Prices of Treasury coupon securities tumbled today as someone magically flicked the “risk switch” to on today and risk assets prospered whilst risk averse assets languished. The headwind of seven year note supply ($31 billion) and the consumation of a week in which the Treasury regurgitated $123 billion in securities weighed on sentiment, too.
I think the main factor driving prices today was the flight to riskier assets. The dollar weakened against most other currencies as the safe haven bid into the currency faded.
Along with the foreign currencies, commodities rallied as oil and gold enjoyed healthy gains.
In the same way, corporate bond spreads narrowed, as did Emerging Market spreads.
Flows in the Treasury market were mixed. I did hear of insurance company buying as well as hot money sellers of 5s, 7s and 10s. The sloppy 7 year result cheapened the WI 7 year and forward rollers working their crude abacuses decided it was a propitious moment to roll.
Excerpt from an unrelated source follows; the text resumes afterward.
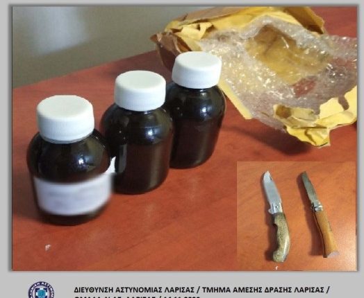 Ειδικότερα, κατά τον αστυνομικό έλεγχο, κατελήφθησαν να κατέχουν -3- πλαστικά φιαλίδια με υγρή μεθαδόνη, συνολικού βάρους -437- γραμμαρίων καθώς και δύο σουγιάδες, τα οποία κατασχέθηκαν.

Others reported various extension trades in advance of the month-end index extension tomorrow.
The yield on the 2 year note increased 4 basis points to 0.98 percent. The yield on the 3 year note climbed 6 basis points to 1.50 percent. The yield on the 5 year note also increased 6 basis points to 2.43 percent. The yield on the 7 year note surged a lucky 7 basis points to 3.07 percent. The yield on the 10 year note increased 7 basis points, too, to 3.49 percent. Seven basis points worked for the Long Bond as its yield surged 7 basis points to 4.33 percent.
The 2 year/10 year curve steepened 3 basis points to 251 basis points.
The 10 year/30 year spread is unchanged in quiet professional trading at 84 basis points.
The 2 year/5 year/30 year spread narrowed a basis point to 45.